1. $((a \rightarrow b) \wedge (b \rightarrow c)) \rightarrow (a \rightarrow c)$
2. $(a \leftrightarrow c) \rightarrow (\sim b\rightarrow (a\wedge c))$
3. $(a\wedge b \wedge c)\rightarrow (c \vee a)$
4. $a\rightarrow (b\rightarrow a)$

$A.\ \ ((a \rightarrow b) \wedge (b \rightarrow c)) \rightarrow (a \rightarrow c)$

$\equiv (( \sim a \vee b) \wedge (\sim b \vee c)) \rightarrow (\sim a \vee c)$

$\equiv \sim (( \sim a \vee b) \wedge (\sim b \vee c)) \vee (\sim a \vee c)$

$\equiv (( a \ \wedge \sim b) \vee ( b \wedge \sim c)) \vee (\sim a \vee c)$

$\equiv (\sim a \vee ( a \ \wedge \sim b) )\vee( ( b \wedge \sim c) \vee c)$

$\equiv( (\sim a \vee a )\wedge(\sim a \vee \sim b) )\vee( ( b \vee c) \wedge( \sim c\vee c))$

$\equiv(T\wedge(\sim a \vee \sim b) )\vee( ( b \vee c) \wedge T)$

$\equiv\sim a \vee (\sim b \vee b) \vee c$

$\equiv\sim a \vee T \vee c$

$\equiv T$

$B.\ \ (a \leftrightarrow c)\rightarrow (\sim b \rightarrow(a \wedge c))$

$\equiv ((a \rightarrow c)\wedge(c \rightarrow a))\rightarrow ((\sim b \rightarrow(a \wedge c))$

$\equiv \sim((\sim a \vee c)\wedge(\sim c \vee a))\vee (( b \vee (a \wedge c))$

$\equiv\sim (( a \wedge c)(\sim a \wedge \sim c) )\vee (( b \vee (a \wedge c))$

$\equiv (( a \wedge \sim c)\vee(\sim a \wedge c) )\vee (( b \vee (a \wedge c))$

$\equiv (( a \wedge \sim c)\vee c (\sim a \wedge a) )\vee b$

$\equiv (( a \wedge \sim c)\vee c\vee b$

$\equiv a \vee b \vee c$

$C. \ \ (a\wedge b \wedge c) \rightarrow(c \vee a)$

$\equiv \sim(a\wedge b \wedge c) \vee (c \vee a)$

$\equiv \sim a \sim b \sim c \vee c \vee a$

$\equiv (a\vee\sim a )\vee \sim b \vee(\sim c \vee c)$

$\equiv T\vee \sim b \vee T$

$\equiv T$

$D.\ \ a\rightarrow (b\rightarrow a)$

$\equiv\sim a \vee (\sim b \vee a)$

$\equiv(\sim a\vee a)\vee \sim b$

$\equiv T \vee \sim b$

$\equiv T$

Hence, Option(B) $(a \leftrightarrow c)\rightarrow (\sim b \rightarrow(a \wedge c))$ is the correct choice.

selected by

for A → B condition to be invalid we have to show that B is false when A is true.

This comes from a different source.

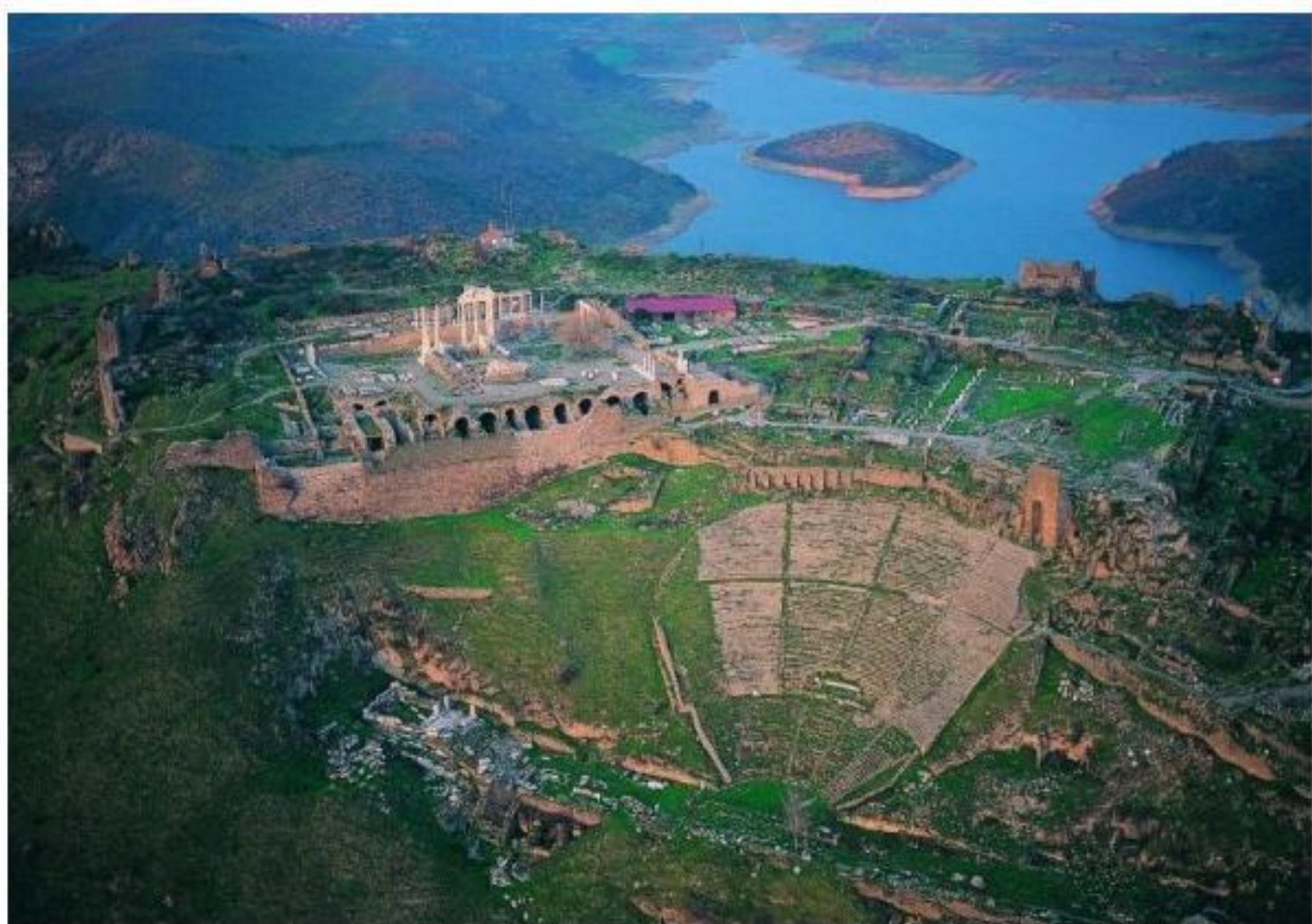
Ariel View of Ancient Pergamum

So we assume that A ( left side of  → ) is true,  then we note the value of B (right side of  )  if it is false then A → B is not a tautology .

a)     ((a → b) ^ (b → c)) →  (a → c)

left side of   '→'   is ((a → b) ^ (b → c)) which we assume to be true . for this to be true     both (a → b)  and (b → c) must be true. now if 'a' is false then right side (a → c)  is true so there is need to check bcoz we have to show right side as false in case of fallacy

let 'a' is true then 'b' and  'c' must be true for left side ((a → b) ^ (b → c)) to be true .now as 'a' and 'c' is true (a → c) is true.

so it is a tautology.

c )    (a^b^c)→(c v a))

for left side (a^b^c) to be true 'a' ,'b' and 'c' must be true so right side (c v a) is also true.so it is a tautology.

d)     a→(b→a)

for left side to be true 'a'  must be true then (b→a) is also true bcoz we assume 'a' to be true.  so it is a tautology.

b)     (a ↔ c) →(~b→(a^c))

for left side to be true both ' a' and ' c' either be true or  false.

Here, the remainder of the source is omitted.